Monday 30 July 2012

Banh Xeo Recipe (Vietnamese pancake)

As a child, we would have a bowl of rice with two or three Vietnamese dishes every night. Without fail. And if you didn't feel like rice, well TOO BAD, that's what you'd get no if, buts or maybes. After I moved out, it was both a source of freedom and sadness.

If I wanted to eat a nasty ass $5 pizza from Dominos then I could. But then again, I had to actually eat the nasty ass pizza from Dominos and not some delicious, healthy home cooked mum meal. Well we started off pretty pitifully as no one taught Kevin nor I to cook and we survived on pre-packaged bottled pasta sauce and overcooked soggy 59c spaghetti for our first year living together.



We're now onto our fourth year living together and I've taken on the role as primary cook and Kevin as head washer. It's a natural division and most couples will naturally migrate to the role that they are better at. Plus I really hate washing up. This is my first attempt at making Banh Xeo and I gotta say, it's pretty good for a rookie and a far cry from bottled pasta sauce. 






Banh Xeo Recipe

Pancakes
1 cup rice flour (Thai versions are fairly easy to find)
1 cup water
1/2 cup of coconut milk (canned)
1 tablespoon turmeric2 tablespoons banana/prawn fritter flour (optional - gives extra crunch)
pinch of salt
4 shallots (thinly sliced)
vegetable oil for frying


Filling
250g small prawns
1 pork rasher, thinly sliced
1 small onion, thinly sliced
6 medium mushrooms, thinly sliced
2 cups bean sprouts


dipping sauce (see below)

In a bowl mix the flours, water, shallots, turmeric and salt. 

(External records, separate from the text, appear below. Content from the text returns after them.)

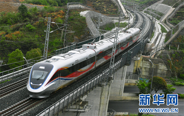 動車組列車行駛在貴陽環線鐵路天河潭一號橋上(資料照片)。新華社發(鄧剛攝)
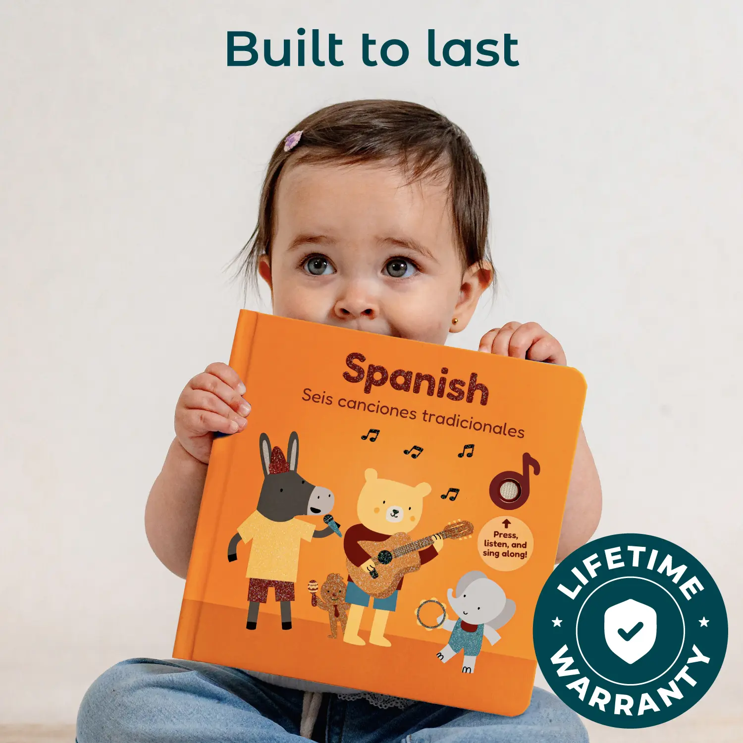 Designed for ages 0-5, this hard cover book is built to withstand endless play sessions, and it’s powered by a rechargeable lithium-ion battery (USB-C cable not included), so you can keep the music going without hunting for replacements. It’s a mom-created, woman-owned gem that’s ideal for bilingual households, preschool prep, baby showers, or any family looking to add a splash of cultural appreciation to their routine.
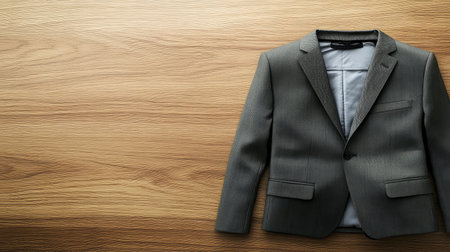 A neatly folded blazer and a pair of dress pants placed on a wooden surface with space around it for copy or branding.

Heat a little oil in a hot non-stick pan and cook the onions, mushrooms, pork and shrimp. 

When cooked through pour in 1 ladle of batter on top of the fillings and tilt the pan to spread the batter like a pancake. You should try spread the batter thinly and add small amounts of batter to fill in any gaps. 

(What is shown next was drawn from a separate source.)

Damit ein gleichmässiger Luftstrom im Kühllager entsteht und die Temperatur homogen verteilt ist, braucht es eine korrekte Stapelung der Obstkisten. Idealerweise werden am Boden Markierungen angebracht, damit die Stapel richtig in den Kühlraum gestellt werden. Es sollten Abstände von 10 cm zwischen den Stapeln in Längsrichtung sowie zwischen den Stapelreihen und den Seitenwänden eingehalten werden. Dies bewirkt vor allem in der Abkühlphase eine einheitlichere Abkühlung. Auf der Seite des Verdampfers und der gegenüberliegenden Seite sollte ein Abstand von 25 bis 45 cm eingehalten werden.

Top with bean sprouts and cook for 2-3 minutes until the bottom of the pancake is browning and very crunchy and the edges are super crisp.

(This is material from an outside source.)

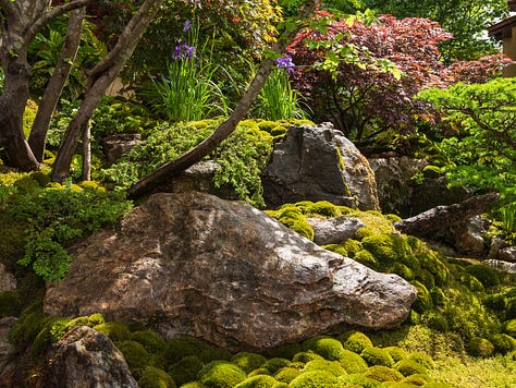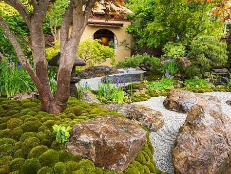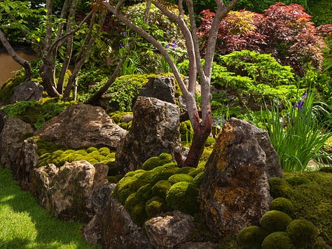 Ishihara’s signature style was unmistakable: painterly layers of moss, sculptural rocks rising with natural ease, cascading water, and soft raked gravel (hōkime), all guided by the principles of ikebana and traditional Japanese aesthetics. And of course, the tea house and those exquisite Japanese maples, each one placed with surgical precision.

The pancake should be able to hold its shape without tearing. Using a spatula, carefully fold the pancake in half slide out onto a plate (this may take several attempts to perfect). Serve with lettuce and dipping sauce.

Nuoc mam dipping sauce
2 teaspoons sugar
2-3 Tablespoons fish sauce
1-2 T lemon juice or white vinegar
1/4 cup boiling water

Put sugar in a small bowl and add hot water.
Mix until sugar is dissolved and add lemon juice (or vinegar) and fish sauce and taste. 
There should be an even balance between sweet, salty and sour elements. Don't be afraid to adjust it!

Kevin said once he could smell it climbing up the stairs of our three floor apartment block he started running up the steps. He's too cute for words. And nothing tops a good ol' Asian meal like a fresh young coconut. Nom nom nom.